Investment and wealth management services

Many commercial banks also offer investment services to their clients, including:
  • Certificates of deposit (CDs): These are low-risk investment products with fixed interest rates for a set term.
  • Retirement accounts: Banks help customers plan for retirement by offering Individual Retirement Accounts (IRAs) and other long-term investment options.
  • Brokerage services: Some banks offer investment advisory and portfolio management services for high-net-worth individuals.
WEIGH THE RISKS AND BENEFITS
Here is a list of the benefits and the drawbacks to consider.
Pros
  • Provide essential financial services to individuals and businesses
  • Offer safe and insured deposit accounts
  • Create credit and liquidity in the economy
  • Contribute to economic growth and job creation
  • Wide range of services available
Cons
  • May charge high fees for services
  • Interest rates on loans can be costly for some borrowers
  • Risk of bank failure, though mitigated by insurance
  • Sometimes limited customer service with online-only banks

How commercial banks make money

Commercial banks generate income through several revenue streams. The two primary methods are:

Interest income

The main way banks make money is by lending the money deposited by customers and charging interest on those loans. The difference between the interest rate they charge borrowers and the interest rate they pay to depositors is known as the net interest margin. For instance, a bank might pay 0.5% interest on savings accounts while charging 4.5% on a mortgage loan. The 4% difference is the bank’s profit.

Fees and service charges

Banks also make money through fees, such as:
  • Maintenance fees: Charged on accounts that don’t meet the minimum balance requirements.
  • Overdraft fees: Charged when an account holder spends more than they have in their account.
  • ATM fees: Charged for using ATMs outside the bank’s network.
  • Loan origination fees: These are fees charged when a bank issues a loan.

Investment income

Some banks also invest a portion of their deposits in securities, bonds, and other financial instruments to earn additional income. This is known as proprietary trading, and it allows banks to grow their capital by profiting from financial markets.

The role of commercial banks in the economy

Commercial banks are integral to the economic infrastructure of any country. Their primary contributions to the economy include:

Creating liquidity

By accepting deposits and making loans, commercial banks create liquidity in the market. This means they make funds available to individuals and businesses that need them, allowing for economic growth and expansion. For example, by issuing loans to businesses, commercial banks enable companies to invest in equipment, hire more workers, and increase production, all of which stimulate economic activity.

Facilitating payments

Banks enable the smooth flow of transactions by offering various payment services. Whether it’s through checks, debit cards, or online transfers, commercial banks ensure that funds can move efficiently between different entities in the economy. This promotes commerce and helps individuals and businesses manage their finances effectively.

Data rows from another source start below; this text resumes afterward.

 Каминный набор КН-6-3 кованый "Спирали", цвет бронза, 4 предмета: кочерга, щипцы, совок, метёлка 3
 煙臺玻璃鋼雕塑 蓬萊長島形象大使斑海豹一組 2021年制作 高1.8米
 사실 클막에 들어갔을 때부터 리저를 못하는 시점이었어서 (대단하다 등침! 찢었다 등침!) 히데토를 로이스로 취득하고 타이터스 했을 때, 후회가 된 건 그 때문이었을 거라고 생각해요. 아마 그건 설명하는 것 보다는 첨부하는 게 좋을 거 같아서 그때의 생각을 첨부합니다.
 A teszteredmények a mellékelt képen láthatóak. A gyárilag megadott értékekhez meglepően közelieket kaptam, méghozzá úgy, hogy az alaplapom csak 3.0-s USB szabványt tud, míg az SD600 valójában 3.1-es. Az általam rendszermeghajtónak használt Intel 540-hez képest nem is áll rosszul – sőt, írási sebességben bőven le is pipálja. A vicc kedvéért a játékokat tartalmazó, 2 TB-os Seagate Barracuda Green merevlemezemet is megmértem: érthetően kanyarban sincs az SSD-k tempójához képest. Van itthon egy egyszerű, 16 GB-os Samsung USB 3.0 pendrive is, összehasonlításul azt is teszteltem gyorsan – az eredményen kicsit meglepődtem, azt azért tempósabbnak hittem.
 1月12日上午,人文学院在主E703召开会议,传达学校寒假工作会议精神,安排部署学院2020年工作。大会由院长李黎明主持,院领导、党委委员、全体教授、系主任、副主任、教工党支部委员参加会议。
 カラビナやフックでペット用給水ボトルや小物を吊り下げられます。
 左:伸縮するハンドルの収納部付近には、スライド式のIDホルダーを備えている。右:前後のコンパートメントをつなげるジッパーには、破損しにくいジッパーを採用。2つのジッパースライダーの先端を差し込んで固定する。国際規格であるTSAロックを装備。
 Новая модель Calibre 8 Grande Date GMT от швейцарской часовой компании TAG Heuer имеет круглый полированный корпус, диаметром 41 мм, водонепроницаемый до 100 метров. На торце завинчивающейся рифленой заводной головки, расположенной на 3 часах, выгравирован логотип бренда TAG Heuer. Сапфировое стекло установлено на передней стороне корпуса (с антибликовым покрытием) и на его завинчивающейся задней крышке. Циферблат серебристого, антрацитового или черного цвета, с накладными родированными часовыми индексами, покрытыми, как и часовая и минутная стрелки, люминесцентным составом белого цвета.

Promoting financial stability

By safeguarding deposits and ensuring that loans are repaid, commercial banks play a crucial role in maintaining financial stability. Banks are heavily regulated to ensure that they manage risk properly and protect the financial system from collapse. In the U.S., for example, the FDIC ensures that customer deposits are safe, even if a bank fails.

Conclusion

Commercial banks are fundamental to the modern economy. They provide the essential services that keep money moving, from personal checking accounts to business loans and everything in between. By creating credit, ensuring liquidity, and fostering economic growth, commercial banks play a vital role in the stability of financial systems.
As consumers, we rely on commercial banks not only to safeguard our deposits but also to facilitate transactions, offer credit, and provide investment services. Understanding how they operate and why they matter is key to making informed financial decisions.

Frequently asked questions

Is my money safe in a commercial bank?

Most deposits in commercial banks are insured by the FDIC up to $250,000 per depositor. This ensures that your money is safe even if the bank fails.

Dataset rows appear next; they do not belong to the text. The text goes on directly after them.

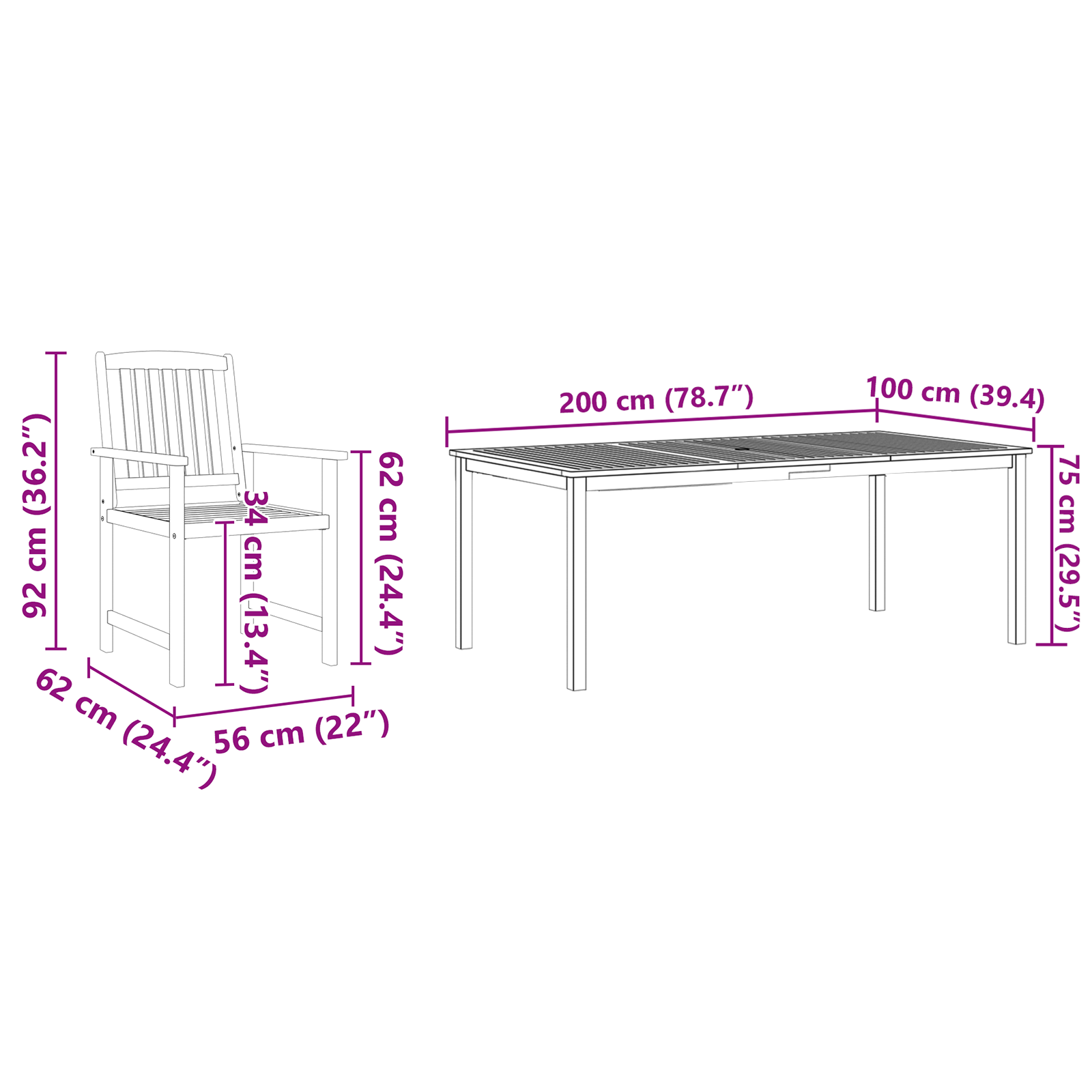 Tento rustikální zahradní jídelní set promění jakýkoli venkovní prostor svým teplým a vítajícím designem, který se krásně hodí k přírodní kráse vaší zahrady nebo terasy. Vyrobený z masivního akáciového dřeva, které je známé svou trvanlivostí, slibuje kombinaci elegance a robustnosti, aby odolal venkovním podmínkám. Je to skvélé místo pro rodinná jídla a zábavu na slunečných dnech.
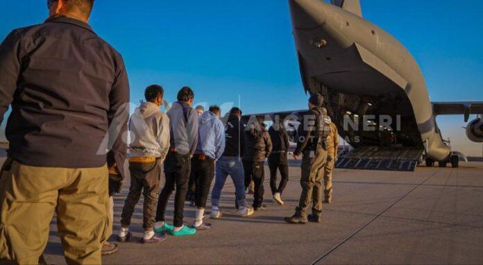 Los migrantes, que estaban bajo custodia de la Patrulla Fronteriza, fueron esposados y alineados antes de abordar los aviones militares. Se estima que son personas que recientemente cruzaron la frontera hacia Estados Unidos.
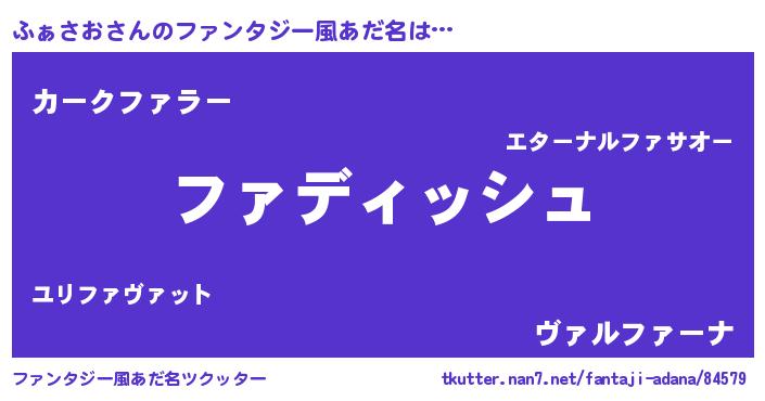 | 女子向けラノベタイトル風あだ名 | 『ふぁさおの契約王妃』 |
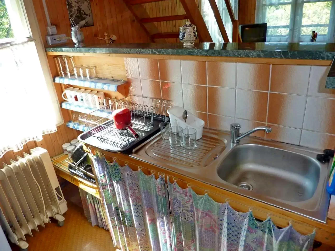 - Cabana dispune de o bucătărie complet utilată, perfectă pentru oaspeții care preferă să gătească singuri, echipată cu aragaz, frigider, cuptor cu microunde, prăjitor de pâine, filtru de cafea, oală sub presiune, oale, tacâmuri și veselă.
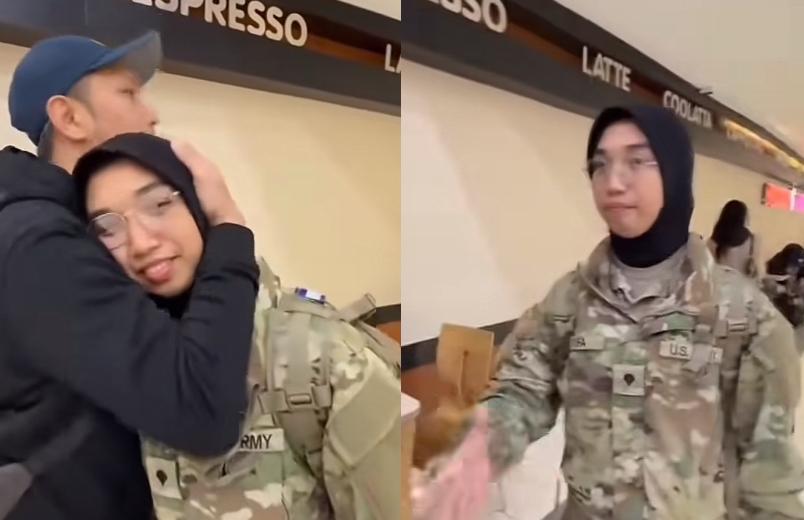 “Momen haru orangtua asal Indonesia mengantar anaknya ke bandara untuk menjalani tugas sebagai tentara Amerika jadi perhatian. Kezia Syifa resmi bergabung dengan Maryland Army National Guard sebagai MOS 92A sejak 2025,” tulis keterangan unggahan tersebut.

How do commercial banks differ from credit unions?

Commercial banks are for-profit institutions, while credit unions are not-for-profit and owned by their members. Credit unions may offer better interest rates on loans and savings accounts, but they typically have fewer branches and services than commercial banks.

Can I get a loan from a commercial bank if I have bad credit?

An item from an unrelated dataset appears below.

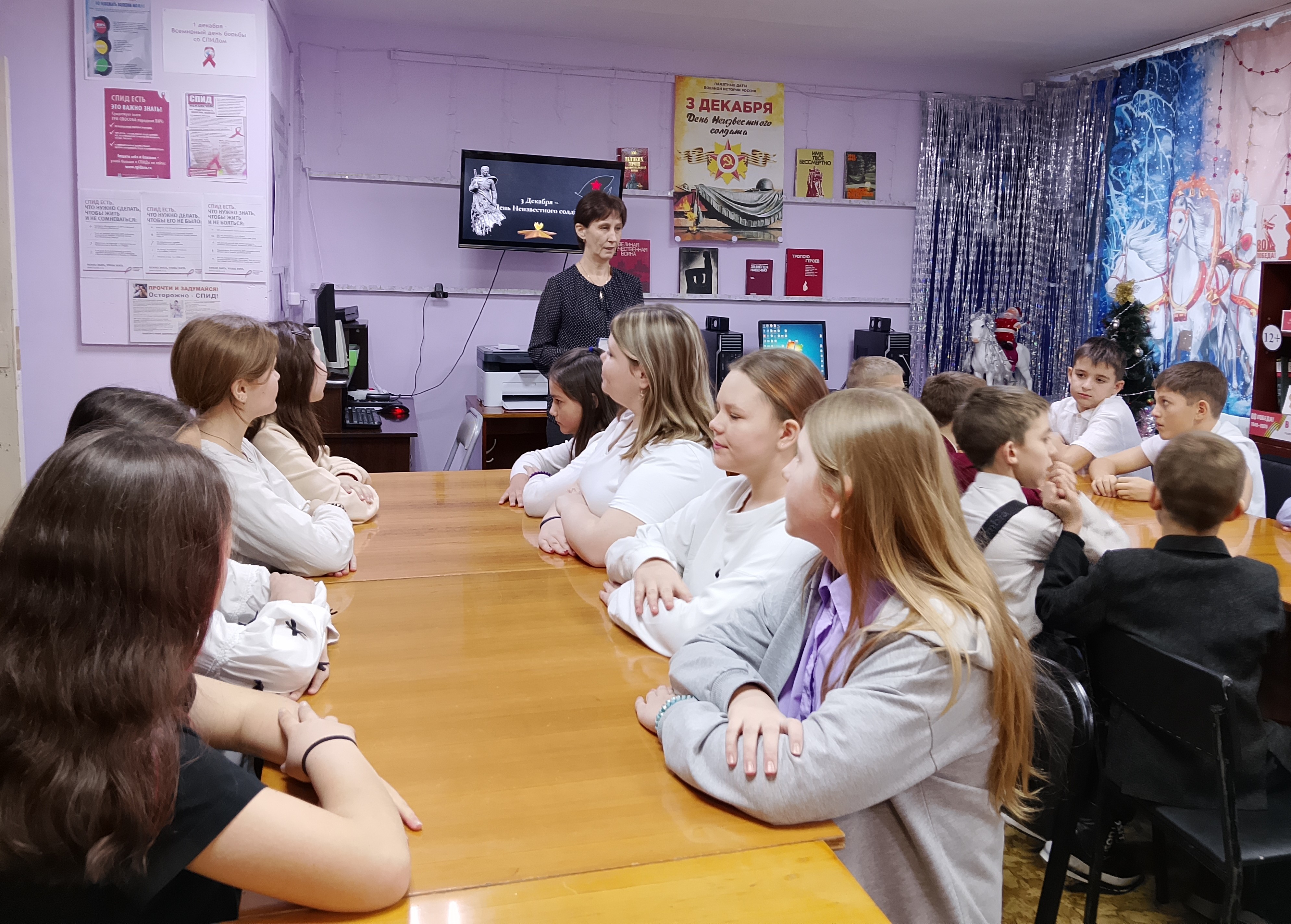 В преддверии Дня Неизвестного Солдата, в Год защитника Отечества, в сельской библиотеке-филиале № 10 прошел час памяти «Я в том бою остался». Подростки познакомились с историей возникновения этой памятной даты. Библиотекарь рассказала о том, почему именно 3 декабря было выбрано для сохранения памяти о воинской доблести, а также об уникальном мемориале «Могила Неизвестного Солдата», который стал символом памяти о всех тех, кто не вернулся с полей сражений.

It depends on the bank and the type of loan. Some banks may offer loans to individuals with poor credit, but these loans often come with higher interest rates. Additionally, banks may require collateral for secured loans.

Why do commercial banks charge fees?

Banks charge fees to cover their operating costs and to generate revenue. Fees may be charged for account maintenance, overdrafts, ATM usage, and other services. These fees allow banks to continue offering services while earning a profit.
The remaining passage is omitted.